1. Blue Rondo A La Turk
2. Three To Get Ready
3. Koto Song
4. It's A Raggy Waltz
5. The Lion at the Bar
6. Strange Meadowlark
7. The Golden Horn
8. Take Five
9. Unsquare Dance
Notes from CD Baby
BRUBECKS PLAY BRUBECK features the repertoire and rhythms of the famous Dave Brubeck Quartet but, as John Fordham wrote in the Guardian, “sheltering under the Brubeck umbrella is by no means all the maestro’s offspring do”.
Darius, the eldest Brubeck son is a pianist, composer and academic, now based in the UK with his own Quartet. Chris is known as a composer of symphonic works performed by leading orchestras around the world and also excels as a bass and trombone player in jazz, rock and folk music. Together, Chris and Dan form the nucleus of their US group, The Brubeck Brothers Quartet. Dan also leads his own band in Vancouver and is a Grammy-nominated percussionist with past credits that range from Gerry Mulligan to Larry Coryell. British sax star, Dave O’Higgins, regularly appears with the BBC Big Band and, as a leader of various groups, has a dozen albums to his credit.
In November, 2010, Britain was indeed the ‘winter wonderland’ quoted in Darius’ ‘Take Five’ solo; it was snow-bound from Newcastle to Eastbourne , but no gigs were cancelled and the group and audiences enjoyed the celebratory tour leading up to Dave Brubeck’s 90th birthday on December 6th.

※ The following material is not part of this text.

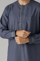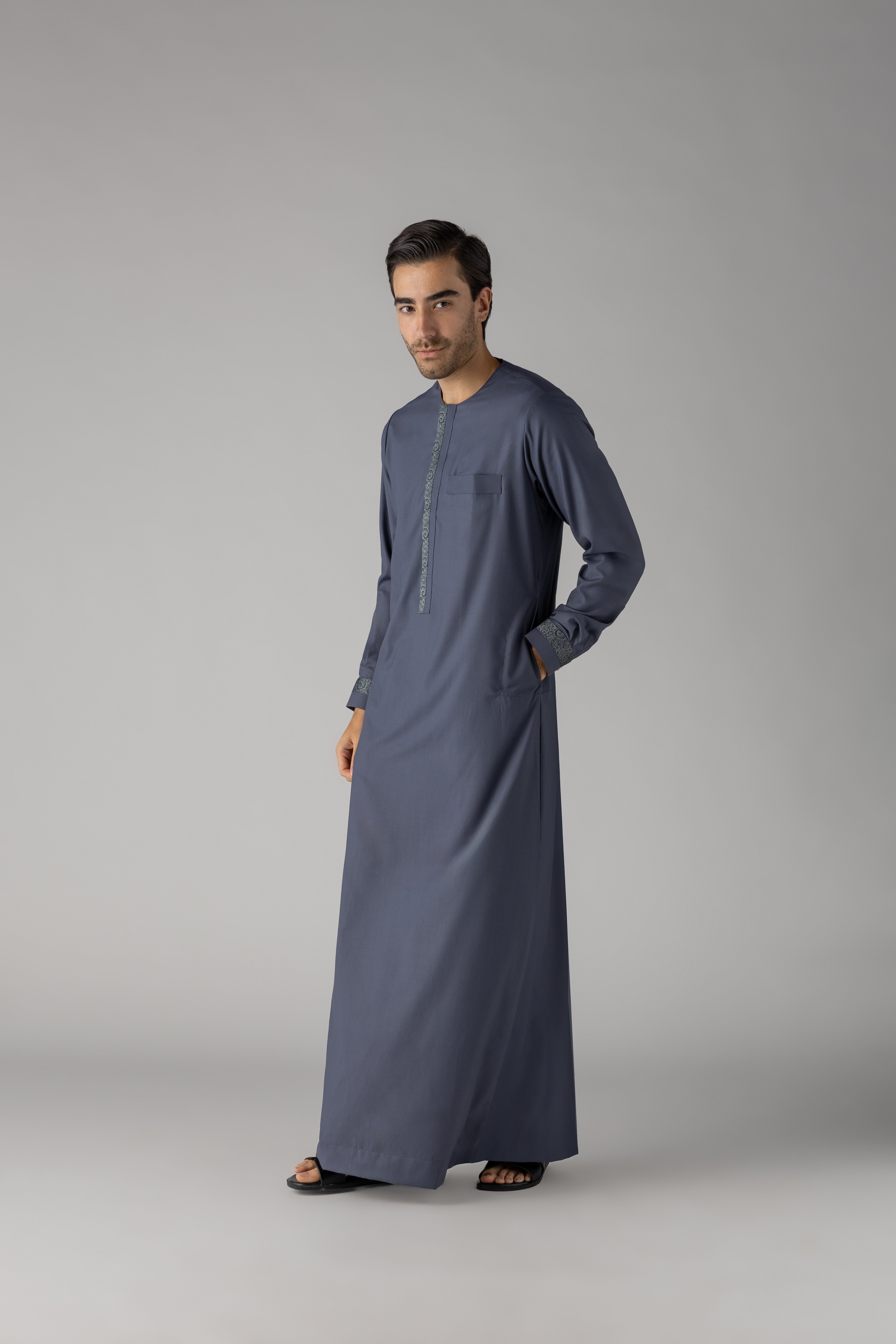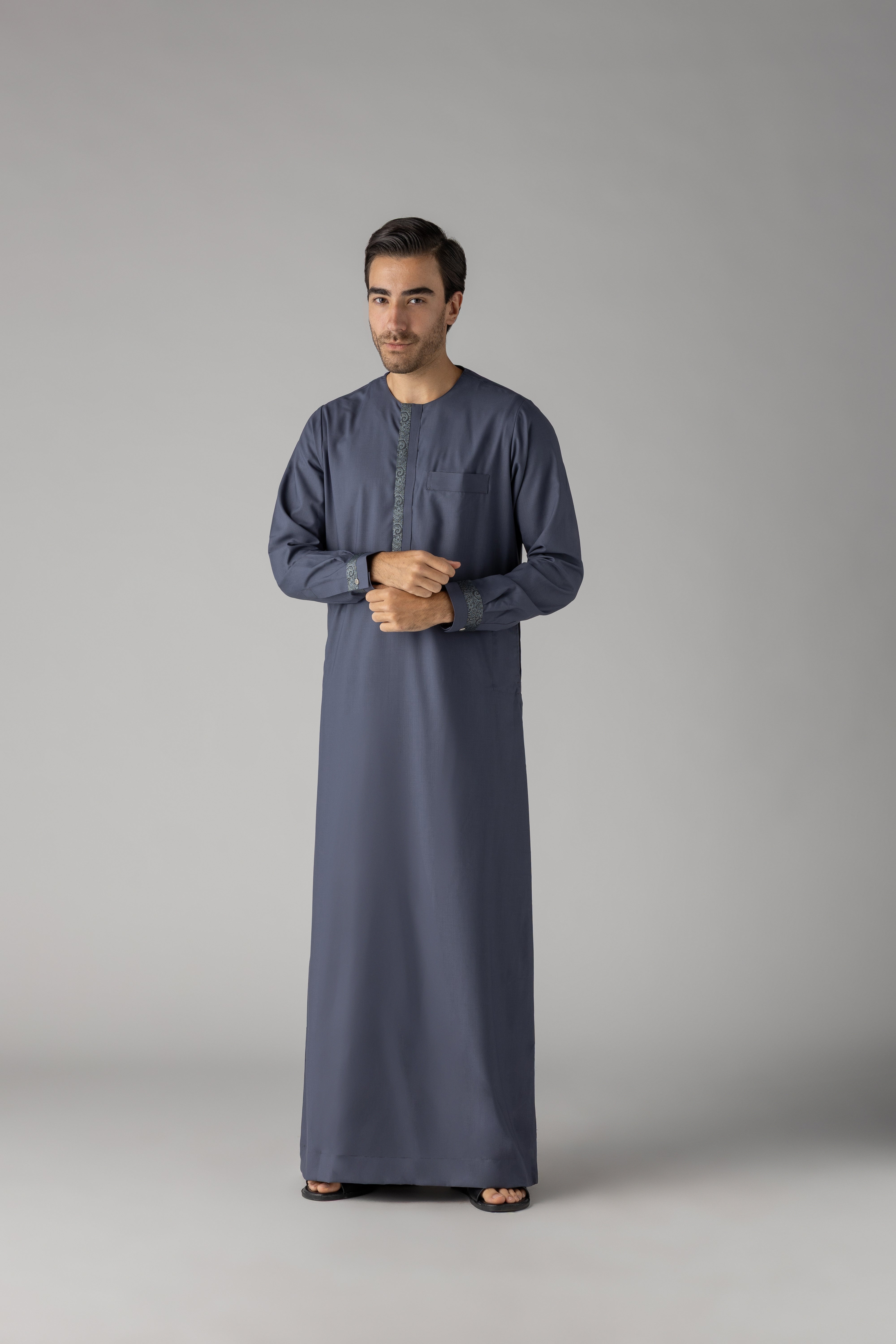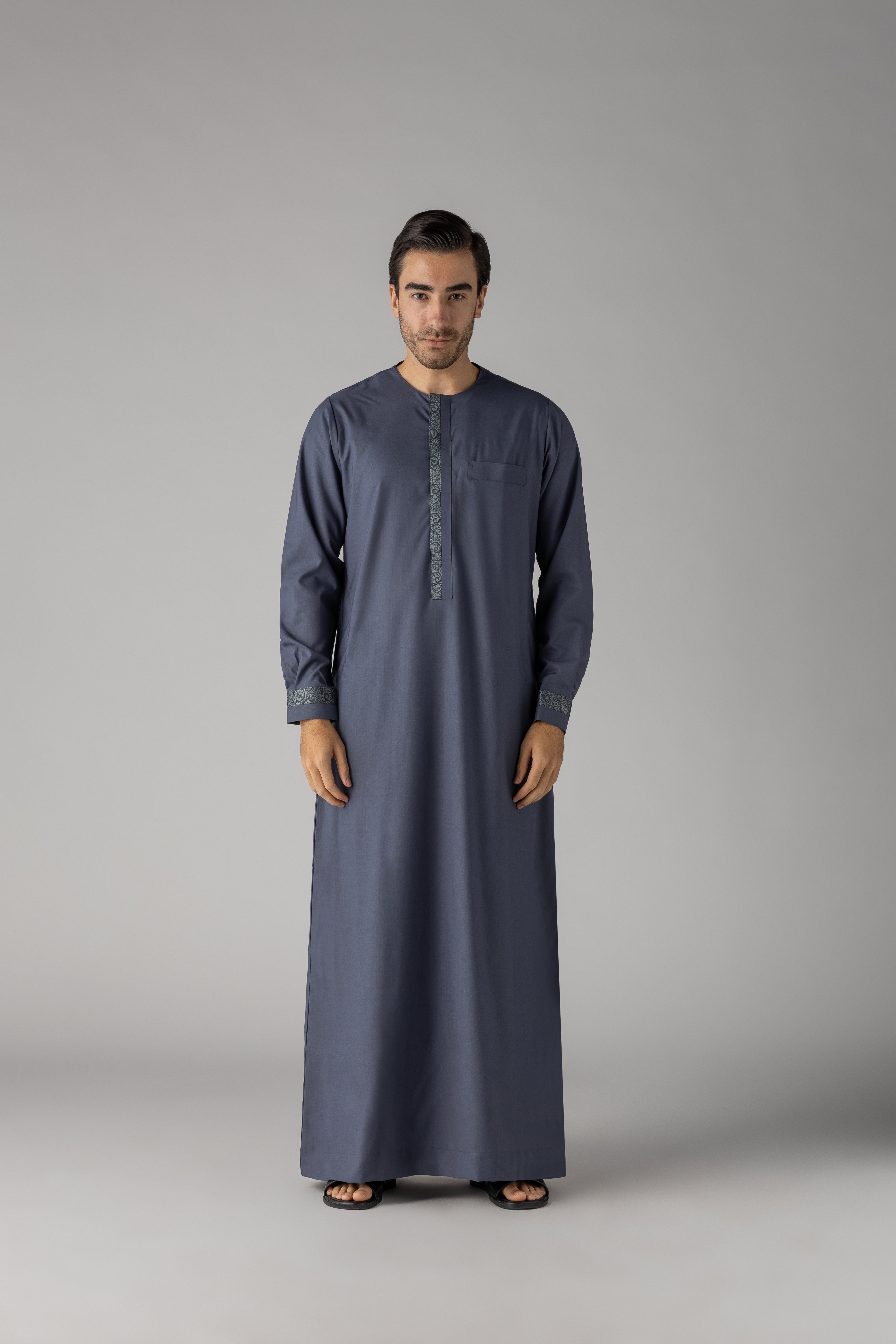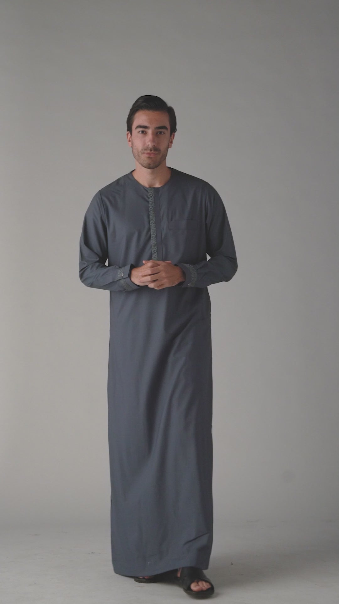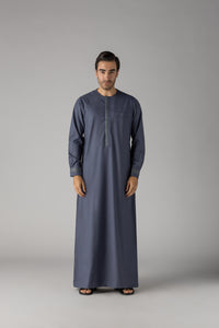 Elevate your wardrobe with the J149 Grey Omani. Part of the Al Noor Collection, this thobe exudes style and elegance. The hidden zip opening and gold buttons on the cuff add a touch of sophistication. Made with soft polyester, it's both comfortable and chic.

Selections chosen from many concerts are on this cd.
Musicians
Darius Brubeck, piano,
Chris Brubeck, bass & trombone
Dan Brubeck, drums
Dave O’Higgins, saxophones
John Fordham The Guardian (UK)
Few jazz musicians make it into the pop charts, even fewer for instrumental music of such coolly labyrinthine grooves that audiences could barely shake a leg to it. California-born pianist and composer Dave Brubeck – who did all that in the 1950s and 60s, and whose 90th birthday is next week – is one of the great popularisers of jazz, a visionary who made it speak to millions without selling its audacious spirit down the river. He no longer plays internationally, but his musician sons Darius, Chris and Dan, augmented by British saxist Dave O'Higgins, are rekindling the old magic.
The four cantered affectionately through the hit list, but shrewdly didn't try to clone the original sound. Typically playful, time-juggling themes such as Raggy Waltz emphasised both their composer's far-sighted fusions of classical and jazz forms, and the current ensemble's own identity, particularly in drummer Dan's looser, splashier sound and electric bassist Chris's slippery and sometimes funk-influenced phrasing. And O'Higgins is a contemporary tenor and soprano player of keening soulfulness rather than an airy, fluttering alto saxist like the late Paul Desmond. But O'Higgins's edge brought a renewed poignancy to the dreamy Koto Song, and on Take Five his climax-building high-end multiphonics contrasted with Darius's steady enunciation of the famous 5/4 riff.
The pianist's Lion at the Bar, a boogieing groover that reflected Darius's playing and teaching experience in South Africa, reminded the audience that sheltering under the Brubeck umbrella is by no means all the maestro's offspring do.